In just his first season as Oregon’s head coach, Mark Helfrich accomplished something that Chip Kelly never did in his four years as the Ducks’ head coach. Mark won a game that was decided by a field goal or less coming from behind in the last minute. But it wasn’t just what he did, it was how he did it that showed his coaching brilliance. It’s Kelly who is known for his innovation and thinking outside the box, but when push came to shove at the end of a close game, Helfrich simply one-upped the Chipster in dialing up the perfect play.
I refer, of course, to Oregon’s defensive play that allowed Oregon State to score a go-ahead touchdown with less than two minutes left in the game. Oregon State was driving, getting closer and closer to a can’t-miss game winning field goal, when from Oregon’s 25-yard line, the Beavers called a play that NOBODY would ever expect them to call (wink-wink) — the jet sweep! The Ducks’ defense came up with Oscar-worthy performances, taking themselves out of position, diving for missed tackles, basically doing everything needed to put the ball back in the hands of All Pac-12 QB Marcus Mariota as quickly as possible.
It was the kind of game that whoever had the ball last — with enough time to work — was going to win. An Oregon State turnover was unlikely and a missed field goal was becoming less likely by the yard. The best solution, and the one that Helfrich dialed up wittingly or unwittingly, was to let the Beavers score and score fast.
If it wasn’t brilliance on Helfrich’s part, it was at least a coaching oversight by Beaver Coach Mike Riley for failing to tell his players that they needed to hang onto the ball until the game clock was eaten up, even if it meant tripping over the five-yard line to avoid scoring a touchdown. All the Beavers needed was a fresh set of downs to run out the clock and set up a game winner.
Of course we don’t KNOW that Helfrich and Aliotti called for Oregon’s defense to lie down on purpose, but if they did it was absolutely brilliant play calling. And if you don’t think a coach would ever call such a play that initially works against his team, think again.
In basketball, teams routinely foul to send the other team to the free throw line in order to get the ball back. In baseball, pitchers deliberately walk batters to create force plays. In football, defensive backs take 15-yard pass interference penalties to avoid longer gains. Sure, all of these things have their risks, and so does going for it on fourth down.
But even if it was an accident and not brilliance on Helfrich’s part, it worked — and Chip Kelly coulda shoulda woulda learned something from it. His Eagles made the mistake of scoring too fast, going ahead 24-23, but leaving New Orleans with 4:54 to put together a winning drive.
Once the Saints got within field goal range, Chip used his timeouts to give New Orleans time to move closer to the goal line and increase his chances of losing on a short field goal. As a result, New Orleans kicked the 32-yard game winner with no time left. When the Saints were closing in on can’t-miss field goal range, Chip would have been ahead if he just let them walk it into the end zone so he could get the ball back – just like Mark did.
On the first weekend of January alone, two other teams went down in similar fashion.
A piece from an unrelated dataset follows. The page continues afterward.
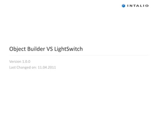 Intalio Object Builder vs Microsoft LightSwitch 1. 2. 3. 4. 5. 6. 7. 8. Support Data Type Binary Boolean Date Date Time Decimal Double Email Address Image Integer Long Integer Money Phone Number Short Integer String (Option List) Relation Ship Boolean Date Date Time Float Email Address Image Integer Currency Phone String Relation Ship URL Option List Multiple Choice Country Text Rich Text Size LightSwitch Intalio 9. Support Data Type Binary Boolean Date Date Time Decimal Double Email Address Image Integer Long Integer Money Phone Number Short Integer String (Option List) Relation Ship Boolean Date Date Time Float Email Address Image Integer Currency Phone String ( Option List, Text, Rich Text, Multiple Choice, Country ) Relation Ship URL Size DB 依存 業務依存 10. 11. 12. 13. 14. 15. 16. 17. 18. 19. 20. 21. 22. 23. 24. 25. 26. 27. 28. 29. 30. 31. 32. 33. 34. 35. 36. 比較表 項目 LightSwitch Intalio Cloud 稼働環境 Web, スタンドアローン Web のみ プログラミング言語 Visual Basic, C# Ruby, Ruby+HTML, X# 開発環境 ローカル ローカル , Web カスタムボタン ○ 画面で設定 △ ポップアップ +Ruby, X# で実現 画面デザイン ○ 1カ所で操作可能 △ 基本操作は可能だが、画面遷移が多い 画面デザインのコード ○ 自動で各属性のコードが自動生成 △ マニュアル対応 画面レイアウト ○ 表示する画面のテンプレートが多い × 1パターンのみ メニューレイアウト △ 既存のみ、但しコードで、追加可能 ○ UI で設定可能、多言語未対応 リレーションシップ ○ あり ○ あり リレーションシップ拡張 × なし ○ 一覧、コンボボックス表示等があり データタイプ ○ SQLServer 依存 ○ 業務依存にラッピング データ定義のルール ○ あり ○ あり 多言語対応 × なし ○ あり イメージファイル △ ローカルファイルのみ ○ リモートの URL 設定が可能 コードエディター ○ △ コード補助なし セキュリティと役割 △ 設定は可能だが、 β 版では動かない ○ 設定可能 37. 最後に LightSwitch は VBA に変わるツールとして MS は位置づけており、 Excel を開いた後、フォーム画面を開くようなアプリケーションは LightSwitch に置き換える価値はあると考えられる。 UI でフロント・バックのベースを定義し、 Visual Studio のデバック機能を利用し、ビジネスロジック等の拡張機能の補完が可能 スタンドアローン、 Web 、共にサポートする事で、構築するアプリケーションの予算・規模・拡張性に合わせる事が可能。さらに、 Azure へのデプロイも可能。 LightSwitch は一画面で操作が可能であるのに対して、 Intalio は画面遷移が多い。 LightSwitch は β 版である為、 Intalio と比較すると、不足している機能があるが、 VBA での構築レベルのアプリケーションであれば、コード補完で十分対応が可能 ビジネスユーザーが UI でフロント・バックの画面や項目を定義した後、 SI 等が拡張機能を追加するという流れは、 LightSwitch 、 Intalio 共に可能 スタンドアローン-> Web へのアプリケーションの移行は容易(但し、管理系の追加が不明) 38.

Green Bay tied the Niners with 5:06 left on the clock and used timeouts to let them move closer and closer to a 33-yard field goal with no time left.
And in the BCS Championship, Auburn took a four-point lead with 1:19 left on the clock. By that point in the game, defensive stops were not happening and turning the ball over to Florida State with over a minute left proved fatal. Again, it was the kind of game where the last team with the ball, and enough time to work was going to win. It was Auburn who failed to make sure that they were the ones with the ball.
Sometimes you make the right choices and sometimes accidents work out in your favor. Whichever the case, Mark got it right and Chip coulda shoulda and would have, but didn’t. And for that matter, neither did Green Bay or Auburn.